This behavior is not always desirable. Premature removal of large arrays in the Large Object Heap can lead to excessive heap fragmentation. This is another reason to think about using a different mechanism to reuse large arrays.

Penalty for no returning of rented arrays

The benchmark we started with in the case of ArrayPool<T>.Shared “breaks through” only the first level of pooling — thread local. The question arises, how performant is the second level — per core locked stacks, especially considering that it has locking. To measure it, let’s make a benchmark using two arrays from the pool at once.

// Threads = 16
// Iterations = 1024
// ArraySize = 1024
[Benchmark]
public void ArrayPoolConcurrent_TwoArrays()
{
  var tasks = new Task[Threads];
  for (int i = 0; i < Threads; i++)
  {
    tasks[i] = Task.Run(() =>
    {
      for (int j = 0; j < Iterations; j++)
      {
        var arr1 = pool.Rent(ArraySize);
        var arr2 = pool.Rent(ArraySize);
        Random.Shared.NextBytes(arr1);
        Random.Shared.NextBytes(arr2);
        pool.Return(arr2);
        pool.Return(arr1);
      }
    });
  }
  Task.WaitAll(tasks);
}

|      Pool |        Mean |      Allocated |
|----------:|------------:|---------------:|
| Allocator |      138 ms |  2146306.76 KB |
|    Create |      230 ms |        2.88 KB |
|    Shared |       33 ms |        2.53 KB |

The non-pooling workload took 24 ms — the second level of Shared pool is no free, but the pool is still quite fast — this is achieved by the fact that threads in the benchmark take arrays from different lists and capture different locks — contention does not occur.
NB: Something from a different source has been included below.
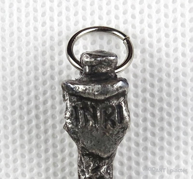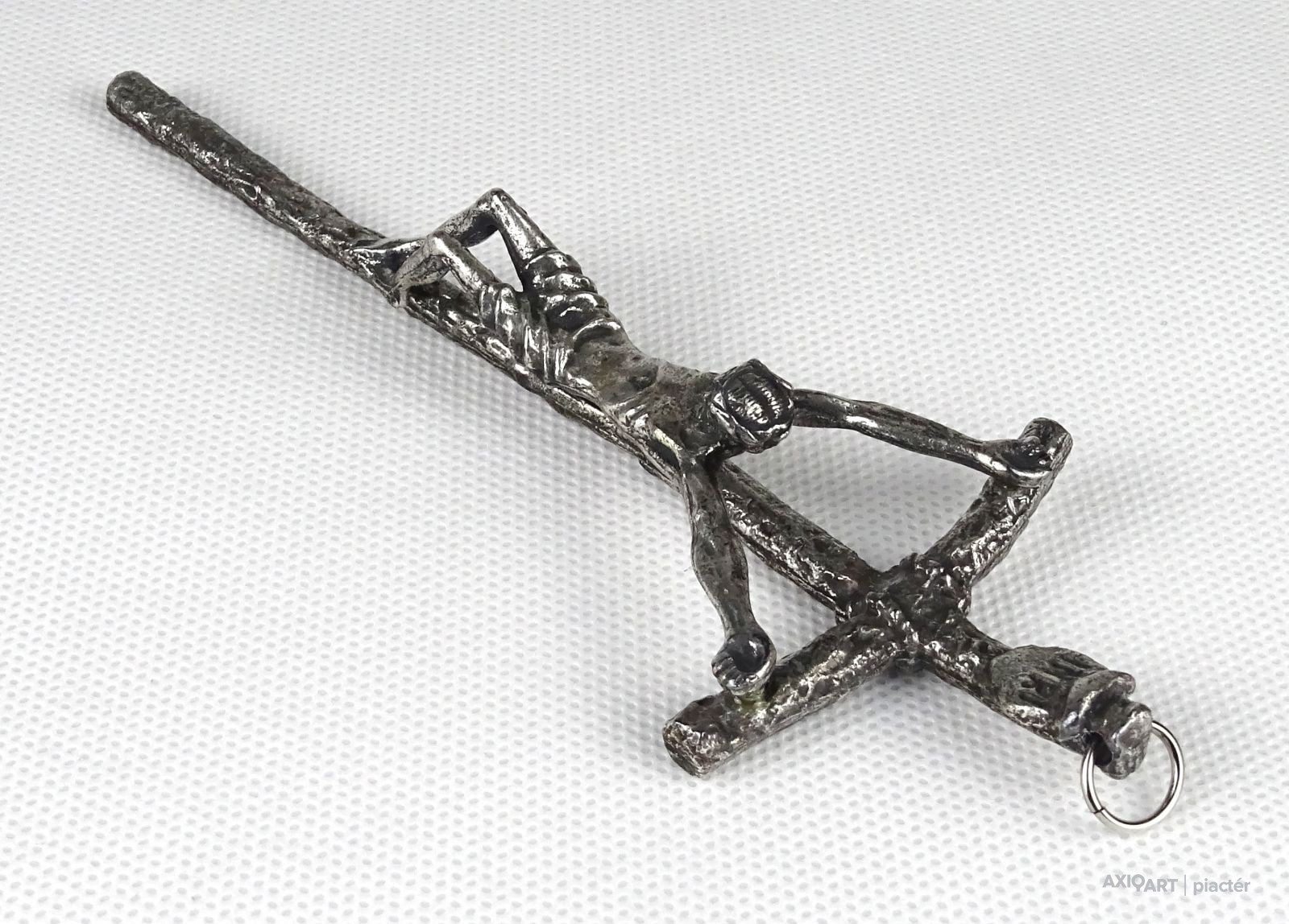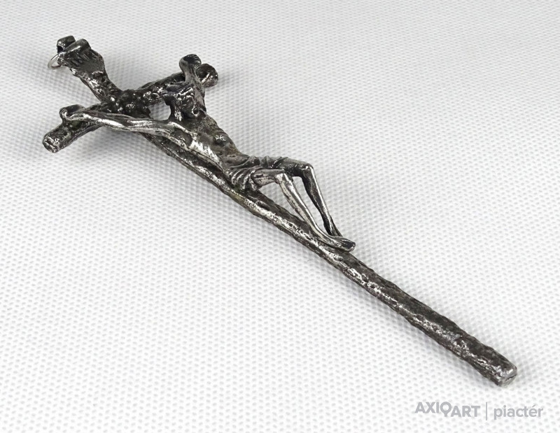 [1J336/X118] Hibátlan állapotú, modern iparművészeti fém feszület, vallási kegytárgy. Falra akasztási lehetőséggel rendelkezik. Felirat: INRI Magasság: 14.5 cm Szélesség: 5.2 cm Súly: 0.07 kg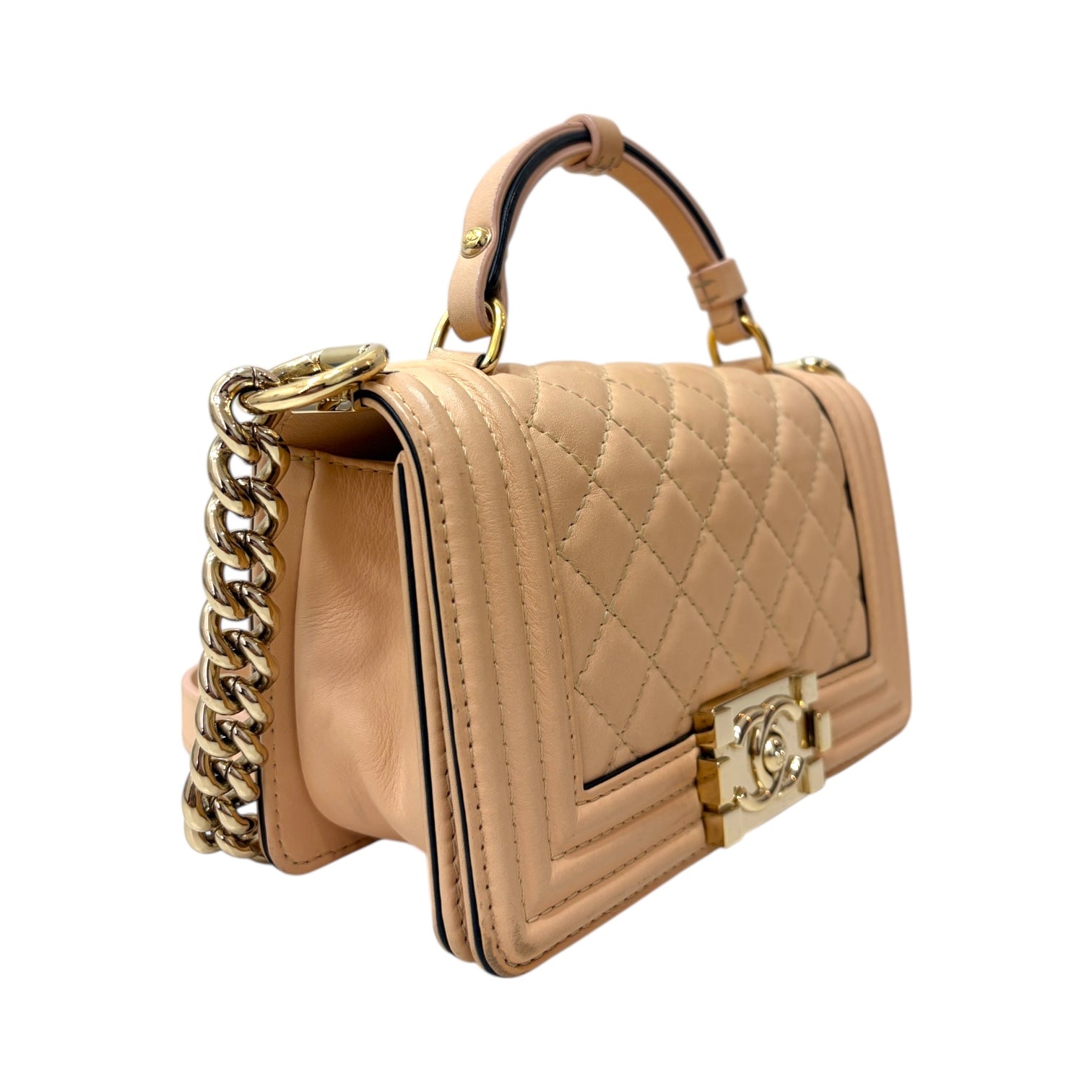 Chanel Beige Lambskin Mini Boy Bag With Gold Hardware

Each thread does not always use only one list. If a matching array is not found in .Rent(N) in current core list, all other arrays are bypassed (round-robin), only after that a new array is allocated. And if you don’t put the arrays back into the pool, each call to .Rent(N) will grab all the locks in turn, resulting in a large contention.

|            Pool |        Mean | Lock Contentions |     Allocated |
|----------------:|------------:|-----------------:|--------------:|
|       Allocator |      138 ms |                - | 2146306.76 KB |
|          Shared |       33 ms |                - |       2.53 KB |
| Shared_NoReturn |      968 ms |        3666.6667 | 2144145.85 KB |

There is some “protection” against this issue. The second level of the pool (PerCoreLockedStacks) is initialized only the first time an array returns to it. If no arrays are returned to the pool anywhere in the program, .Rent(N) will allocate a new array without capturing locks.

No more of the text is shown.